A/N: This is part of my Echo; series! I've had the idea rolling around for a bit to show how Tony got Peter, so here it is!! (And a super mega thanks to kait/starksnack for beta'ing <3)

(See the end of the work for more notes.)

Work Text:

Tony Stark figured that his playboy antics were bound to catch up with him one day. He’d had some close calls when he was younger — because when someone’s twenty-something and had sex without a condom for the first time, they couldn’t exactly think of anything else better than the pull-out method — but after one scare from a girl named Lina, well, Tony became a lot smarter and a lot safer handling his trysts.
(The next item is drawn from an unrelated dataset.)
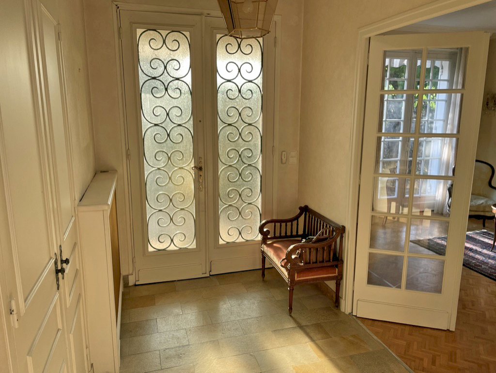 Marmande (47200), maison de caractère 1970, sur terrain de 507 m², 2 étages, séjour et salon lumineux avec stores electriques, salle a manger, cuisine et buanderie equipées, bureau, 5 chambres, balcon, vaste salle de jeu, 2 SdB, 2WC independants, garage couvert attenant, grande cave, jardin clos avec figuier, patio calme et fleuri avec tonnelle, arrosage automatique, tout a l'égout. Air conditionné reversible partout sauf 3 chambres, chauffage central au gaz.

    However, even that hadn’t primed him for being another statistic of ineffective birth control. No one was ever really prepared to hear that they were going to become a father in the best of circumstances, least of all Tony, who had at least one new person every month warming his bed. His thirty-seventh birthday had just passed when a woman — Meredith, no, Mary — that he’d met months previously at a tech conference in Queens came to him and said that she was carrying his child.

    Obadiah threw down the gauntlet immediately, ordering a non-invasive paternity test that, ultimately, deserved a Maury-level announcement of You Are the Father! because Tony was suddenly ten weeks away from meeting his son. It wasn’t long until piles of protective legal documents were thrust unto Tony, but he’d refused to sign them before getting the full story out of Mary.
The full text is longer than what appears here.